And if the point was to argue about the possible existence of a gene and the scientific proof and method used, then I couldn't help but notice that you were using a couple of logical fallacies too: namely that an argument is invalidated if it is poorly argued (I am not a philosopher, so I am unaware if it has a specific moniker), among a few others.  You asked a valid question about what the researchers had actually found--why a "gay gene" and not a "dancing gene?"  But your source, your lens of information is in the venue of Time magazine, which is by no means a peer reviewed scientific magazine.  And while the analogy of the giant aliens watching a football game did use humor to illustrate the fallacy of conversion, using that example as a means to argue the actual science of whatever study the Time writer got this from has its own issues: a sociological game created by humans with arbitrary rules as observed by giant aliens cannot be compared to biological behaviors of fruit flies driven by altered instinct as observed by genetic researchers.  ...unless, again, the point was an illustration of the conversion fallacy.  

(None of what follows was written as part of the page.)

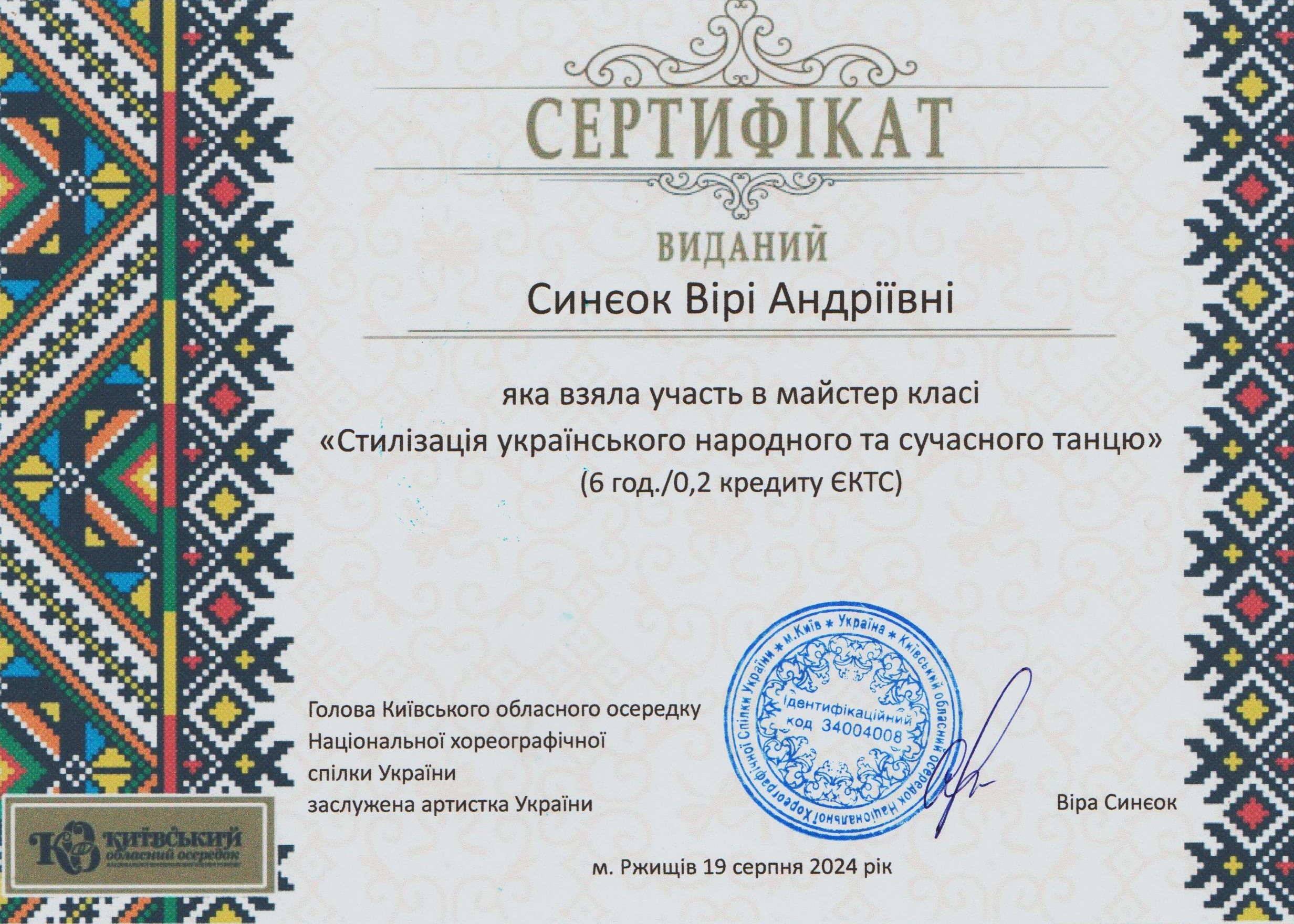 | 10642 | Майстер клас "Стилізація сучасного та народно-сценічного танцю" | Стилізація сучасного та народно-сценічного танцю | Ржищів |

I suppose, perhaps, your usage may be a conversion error itself:  "Here is one way to commit the fallacy of conversion (fruit flies), and here is another way to commit the fallacy of conversion (football).  Therefore, since both are the same kind of fallacy, and we know that the football one is ludicrous because we watch it devoutly on Sundays and sometimes Monday nights in the autumn, the possibility of a 'gay gene' must also be false."  

This is not to say that the researchers did not make an error.  Given the source, Time magazine, we simply do not have the information to make that conclusion.  Now, if I ever read the article back in 1995, I certainly don't remember it, so I do not know if it was actually the researchers who made the error, or if that is how the writer of the article who made the assertion characterized their findings.  

But I digress.  The point of my question has to do with the writing of your article.  I just had difficulty trying to figure out what your actual point was.  Forgive me for looking at this as a critique of writing (I realize you did not ask for it), but I find that a clearly stated point helps in nonfiction.  And if your point was how easy it is to make a logical fallacy, then I would have understood your article better if that was made more clear.


----------



## David K. Thomasson (Jul 18, 2014)

Shaudawn said:


> What is the point of your article?



See my reply above to *ejrosetta.*

EDIT:


> And while the analogy of the giant aliens watching a football game did use humor to illustrate the fallacy of conversion,...



That isn't an illustration of the fallacy of conversion, nor is the piece primarily about that fallacy. The point of the football anecdote was simply that appearances, especially of new and unfamiliar phenomena, can be deceiving. Correlation isn't necessarily causation.


----------



## Shaudawn (Jul 21, 2014)

David K. Thomasson said:


> See my reply above to *ejrosetta.*
> 
> EDIT:
> 
> ...



Alright.  I will take your word for it that you did have a point to the article, which you explained to both *ejrosetta* and *Blade*.  Likewise with the "football" illustration.  But neither were clear in your article to me.  The only fallacy you named was conversion, and for not being a piece about it, it sure did take up a bulk of your article.  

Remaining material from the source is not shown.